Add MoMa (Mixture of Modality-Aware Experts) VLM architecture by amazloumi · Pull Request #107 · KempnerInstitute/KempnerForge

amazloumi · 2026-05-18T21:01:24Z

Summary

Adds paper-faithful MoMa as the 4th VLM architecture (arch = "moma"), following Lin et al. 2024 (arXiv:2407.21770). Single shared Q/K/V/O attention + per-modality MoE FFN groups with expert-choice + Sigmoid routing.
Token routing is two-stage: deterministic by modality_ids (level 1, reusing MoT's existing mechanism), then learned expert-choice + Sigmoid within each modality group (level 2, with Gumbel-Sigmoid noise per paper Eq. 5).
v1 supports training only — expert-choice routing is non-causal; auxiliary routers for inference (paper §2.4) are deferred to v2.
pre-norm vs paper's Swin post-norm.

Deferred to v2

Auxiliary routers for inference causality (paper §2.4) — required for autoregressive generation under EC routing.
Upcycling helper (1t1i seed → multi-expert MoMa, paper §2.5) — paper reports a 1.16–1.2× speedup from this staged-training trick.
torch.compile support — modality_ids scatter/gather + EC top-k currently cause graph breaks; JobConfig.validate emits a warning.
Expert Parallelism (rejected in v1 — per-modality expert groups need EP-aware dispatch that isn't wired yet).

Testing

ruff format — clean (148 files unchanged)
ruff check — All checks passed
pytest tests/unit/ — 1342 passed, 2 skipped (~180s)
pytest tests/integration/ — 77 passed on CUDA (~44s)
torchrun --nproc_per_node=2 -m pytest tests/distributed/test_vlm_*_fsdp.py — 30 passed (~38s)
torchrun --nproc_per_node=2 -m pytest tests/distributed/test_fsdp.py test_checkpoint.py — 17 passed, 1 skipped (regression sanity on non-VLM paths)
End-to-end smoke on 4× H200: uv run torchrun --nproc_per_node=4 scripts/train.py configs/train/vlm_7b_moma.toml — 46.87 B params total, loss volatile through 5-step warmup as expected, ~9.8k tok/s steady-state, ~105 GB / 140 GB per GPU

Closes #

codecov · 2026-05-18T21:04:46Z

Codecov Report

❌ Patch coverage is 94.35028% with 10 lines in your changes missing coverage. Please review.

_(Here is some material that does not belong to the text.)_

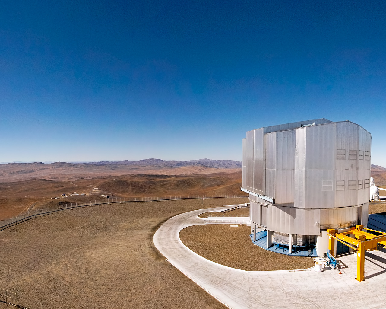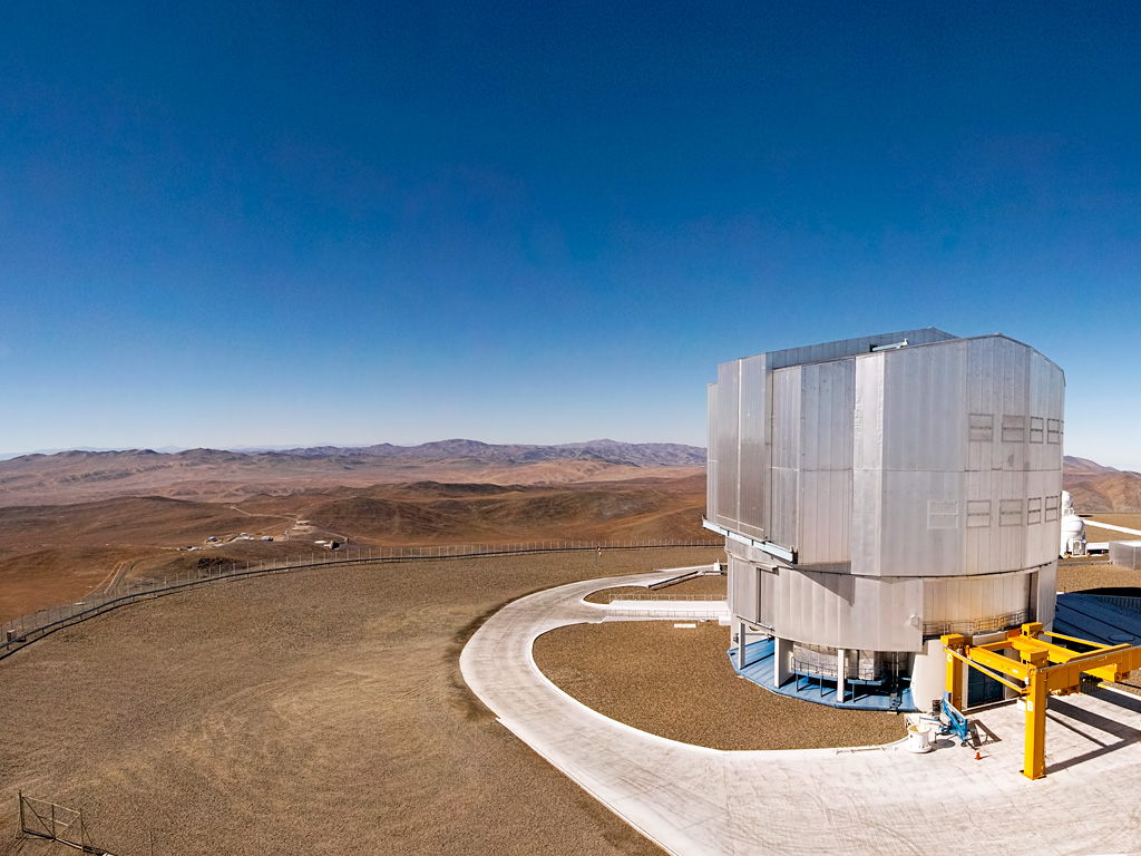 Atop Cerro Paranal is the ESO Very Large Telescope (VLT), the world’s most advanced optical and near infrared ground-based astronomical facility, composed of four 8.2-metre Unit Telescopes (UTs) and four 1.8-metre Auxiliary Telescopes (ATs). The fourth Unit Telescope (UT4), named Yepun in the Mapuche language, is most prominent in this photograph, while UT3 (Melipal) and UT1 (Antu) are just visible on the right-hand edge of the picture. Three of the smaller ATs can also be seen on the 200-metre-wide observing platform. The yellow structure in front of Yepun is the “M1 Lifting Platform”, used to move the 8.2-metre-diameter primary mirror (M1) and its support structure out of the telescope building for periodic recoating.

Files with missing lines	Patch %	Lines
kempnerforge/config/job.py	11.11%	7 Missing and 1 partial ⚠️
kempnerforge/model/moma.py	97.97%	1 Missing and 1 partial ⚠️

Files with missing lines	Coverage Δ
kempnerforge/config/vlm.py	`100.00% <100.00%> (ø)`
kempnerforge/model/transformer.py	`94.41% <100.00%> (+0.74%)`	⬆️
kempnerforge/model/vlm.py	`98.94% <100.00%> (+0.13%)`	⬆️
kempnerforge/model/moma.py	`97.97% <97.97%> (ø)`
kempnerforge/config/job.py	`85.41% <11.11%> (-7.77%)`	⬇️

🚀 New features to boost your workflow:

❄️ Test Analytics: Detect flaky tests, report on failures, and find test suite problems.

…C no-op

mmshad · 2026-05-21T15:55:58Z

+# Parameter / memory note: with the default 7B-dense-shaped backbone
+# (dim=4096, n_layers=32, ffn ~14336) and 8 SwiGLU experts per layer
+# (4 image + 4 text), total params is much larger than dense 7B. Use
+# FSDP=4 + activation_checkpointing="full" to fit on 4x H200. For a


configs/train/vlm_7b_moma.toml gives three conflicting messages on activation_checkpointing:

L22 (header note): Use FSDP=4 + activation_checkpointing="full" to fit on 4x H200 - recommends it.

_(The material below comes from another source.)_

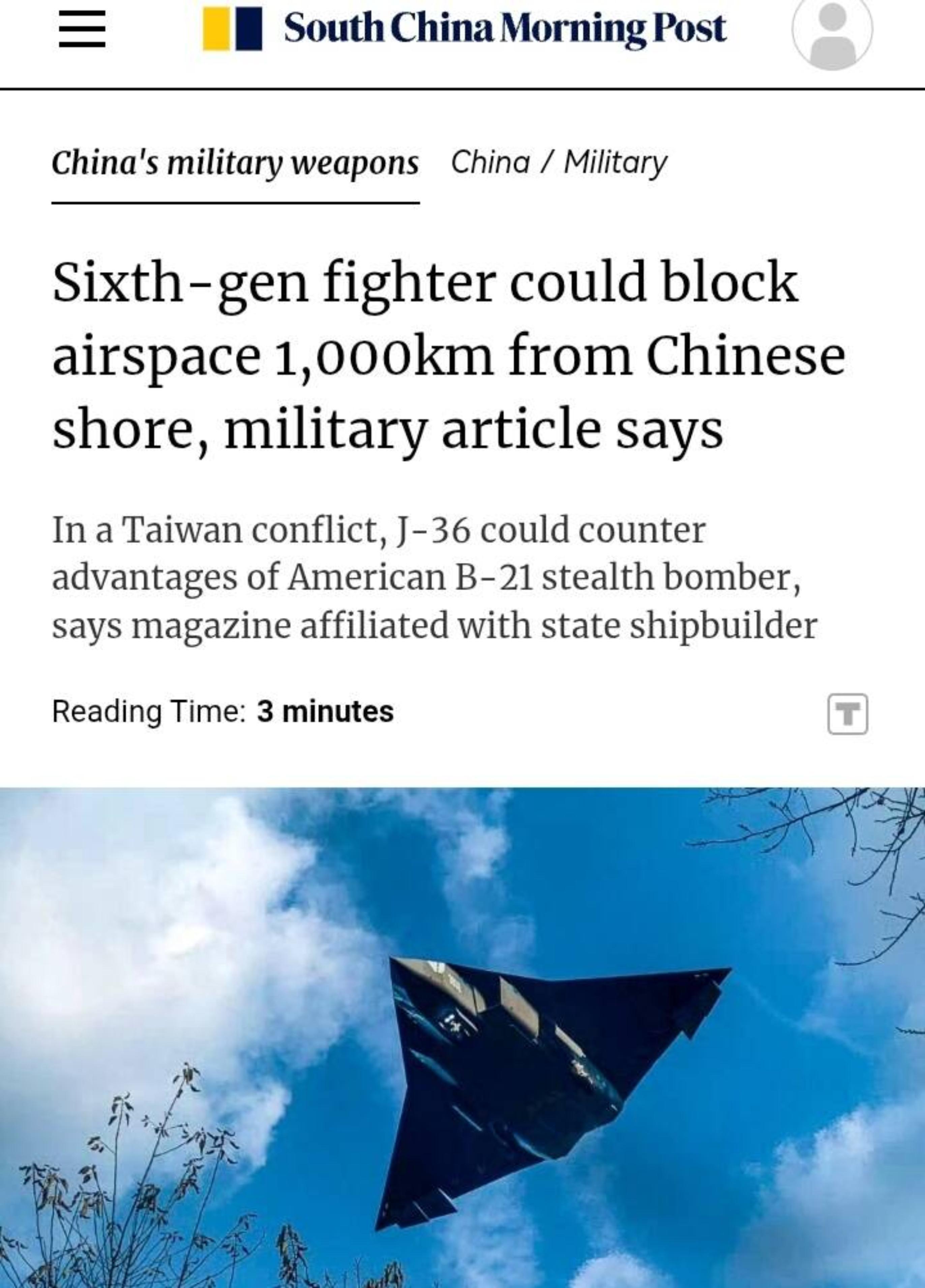 1、南華早報《第六代戰鬥機可封鎖距中國海岸1000公里的空域》

L84 (just above the field): AC=full is currently a no-op for MoMa - says it does nothing.

L89 (just above the field): Required given the per-layer expert duplication on 4x H200 - says it's mandatory.

A user reading top-down is told to enable AC, then that it's required, then that it's inert.

Suggest:

Reword L22 to flag the no-op and recommend reducing moma_experts_per_modality on 4x H200 instead.

Reword L89's "Required" to something like "Intended once apply_ac is refactored; currently inert".

mmshad · 2026-05-21T16:04:05Z

+                        "MoMa + Expert Parallelism is not supported in v1. Per-modality "
+                        "expert groups need EP-aware dispatch that is not yet wired."
+                    )
+                if self.train.compile_model:


The MoMa branch of JobConfig.validate (job.py:225-247) already warns on compile_model (lines 241-247). The AC=full no-op fits the same precedent but is silent: a user authoring a fresh MoMa config without reading vlm_7b_moma.toml's NOTE block gets no warning that activation checkpointing has no effect.

Add a sibling warning right after the compile block (import logging is already in scope there):

if self.train.activation_checkpointing == "full": logging.getLogger(__name__).warning( "AC=full is currently a no-op for MoMa (apply_ac matches " "TransformerBlock only; MoMaBlock is a sibling nn.Module). " "Use ac='selective' (wraps the Attention submodule, still works) " "or reduce moma_experts_per_modality until the apply_ac refactor lands." )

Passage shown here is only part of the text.